§ Data for processing:
++++++++++

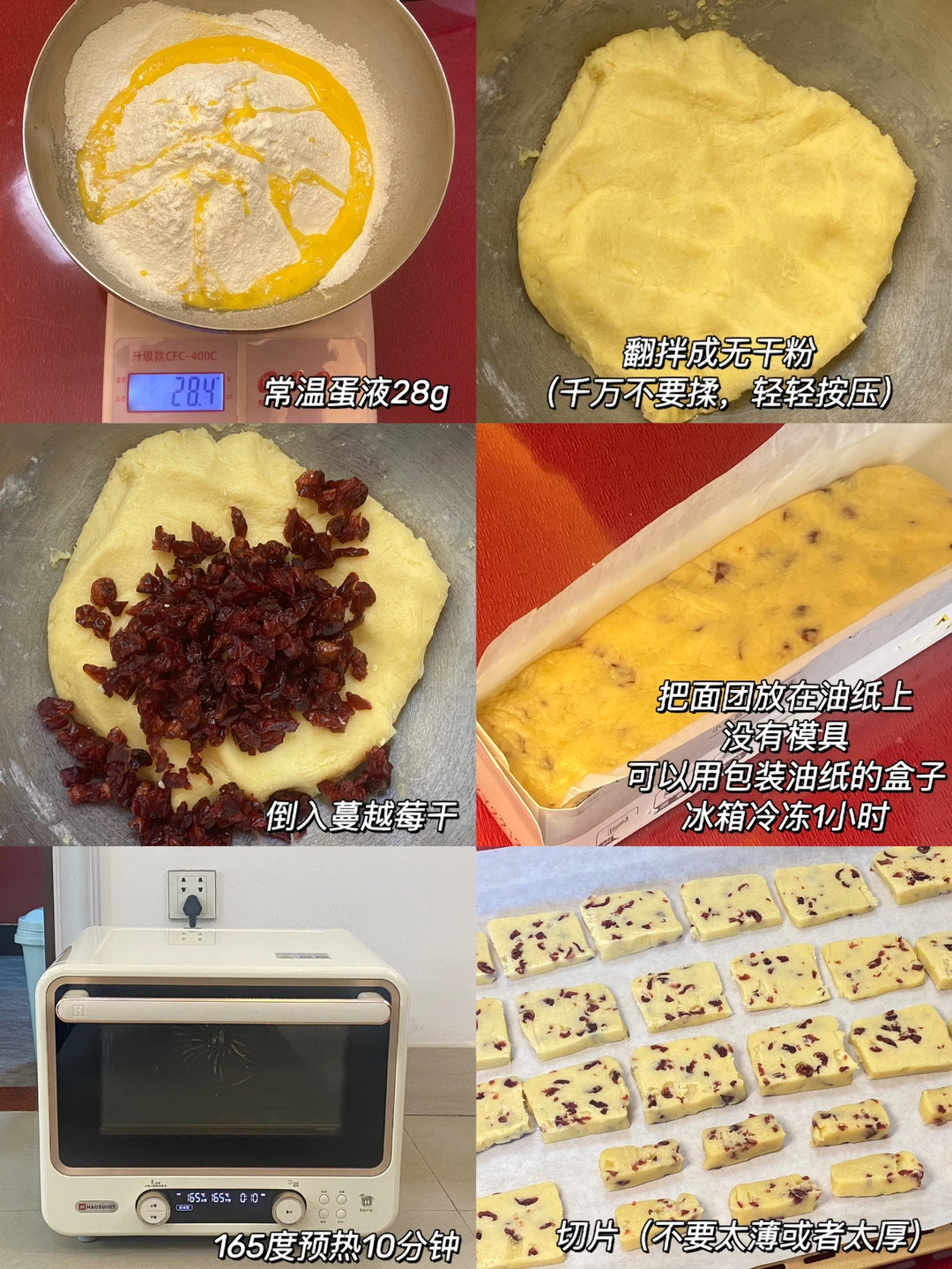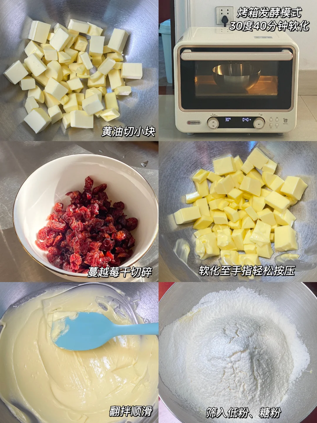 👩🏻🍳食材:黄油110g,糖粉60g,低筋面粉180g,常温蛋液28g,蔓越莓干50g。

++++++++++

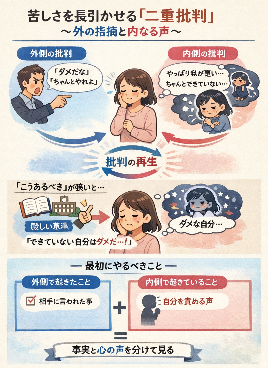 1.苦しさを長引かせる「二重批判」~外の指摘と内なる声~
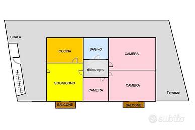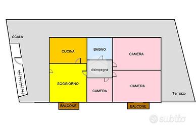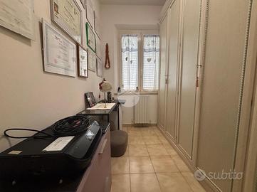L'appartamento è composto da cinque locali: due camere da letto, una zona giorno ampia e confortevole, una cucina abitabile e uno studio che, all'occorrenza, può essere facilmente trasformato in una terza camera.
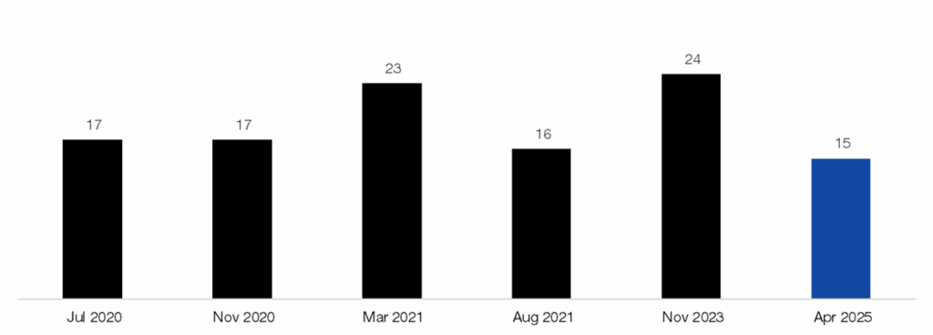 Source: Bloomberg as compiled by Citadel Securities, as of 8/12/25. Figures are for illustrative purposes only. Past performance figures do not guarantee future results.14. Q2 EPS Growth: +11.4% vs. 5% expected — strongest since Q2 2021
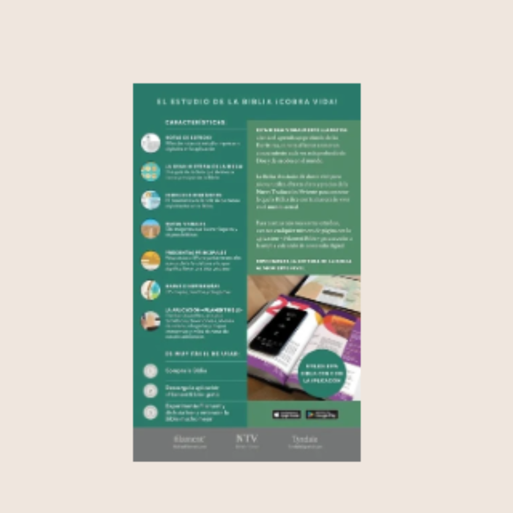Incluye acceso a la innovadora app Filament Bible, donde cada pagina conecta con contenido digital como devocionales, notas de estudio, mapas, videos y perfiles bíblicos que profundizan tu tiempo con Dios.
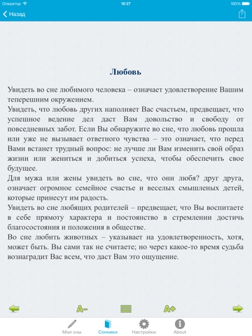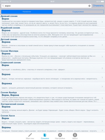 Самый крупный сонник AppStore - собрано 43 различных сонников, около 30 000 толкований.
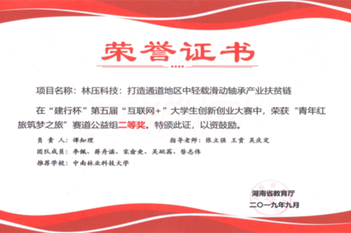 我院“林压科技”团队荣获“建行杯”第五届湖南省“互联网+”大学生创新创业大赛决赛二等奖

++++++++++

§ Your task:
Repeat, word for word, the lines of the material above from the one holding "Source: Bloomberg as" through the one holding "Самый крупный сонник". Leave out pictures.

§ Exercise result:
 Source: Bloomberg as compiled by Citadel Securities, as of 8/12/25. Figures are for illustrative purposes only. Past performance figures do not guarantee future results.14. Q2 EPS Growth: +11.4% vs. 5% expected — strongest since Q2 2021
Incluye acceso a la innovadora app Filament Bible, donde cada pagina conecta con contenido digital como devocionales, notas de estudio, mapas, videos y perfiles bíblicos que profundizan tu tiempo con Dios.
 Самый крупный сонник AppStore - собрано 43 различных сонников, около 30 000 толкований.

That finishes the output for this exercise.